-- Opening Marker --

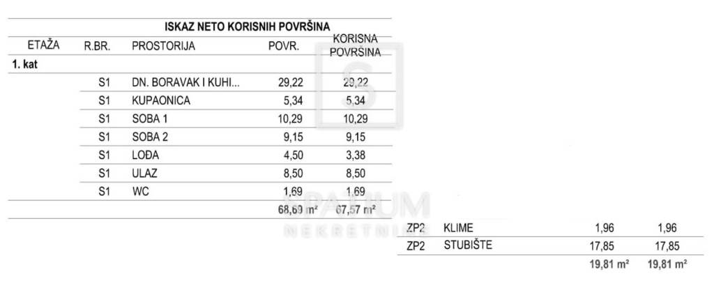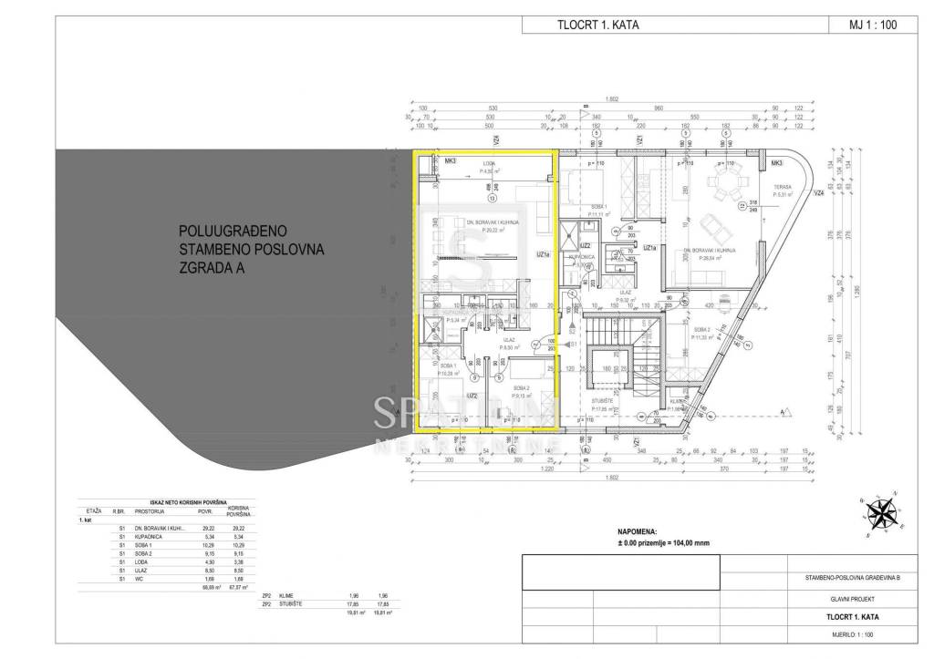The apartment has a total area of 68.69 m², with a calculated net usable area of 67.57 m². It consists of a spacious open-plan living room with kitchen and dining area, two comfortable bedrooms, a bathroom, a separate guest toilet, and an entrance hall. A covered loggia of 4.50 m² adds extra value – perfect for relaxing and enjoying sea views.
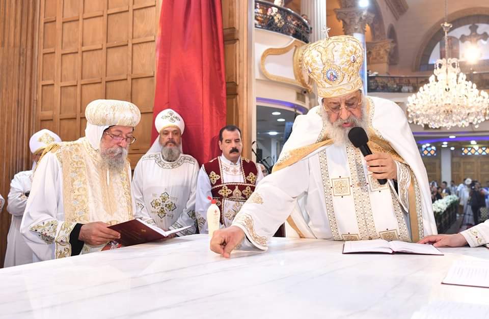 ووقع البابا تواضروس الثانى والآباء الأساقفة على وثيقة تدشين الكنيسة، ثم صلى برفقة الآباء المشاركون القداس الإلهي.
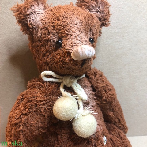 - Anyaga: pamut steiff, ónix, hematit, polieszter, bőr, filc, gyapjú

-- Closing Marker --

> GOAL OF THE EXERCISE: Please restate the whole listing exactly, without any of its pictures.

> WRITTEN REPLY:
The apartment has a total area of 68.69 m², with a calculated net usable area of 67.57 m². It consists of a spacious open-plan living room with kitchen and dining area, two comfortable bedrooms, a bathroom, a separate guest toilet, and an entrance hall. A covered loggia of 4.50 m² adds extra value – perfect for relaxing and enjoying sea views.
 ووقع البابا تواضروس الثانى والآباء الأساقفة على وثيقة تدشين الكنيسة، ثم صلى برفقة الآباء المشاركون القداس الإلهي.
 - Anyaga: pamut steiff, ónix, hematit, polieszter, bőr, filc, gyapjú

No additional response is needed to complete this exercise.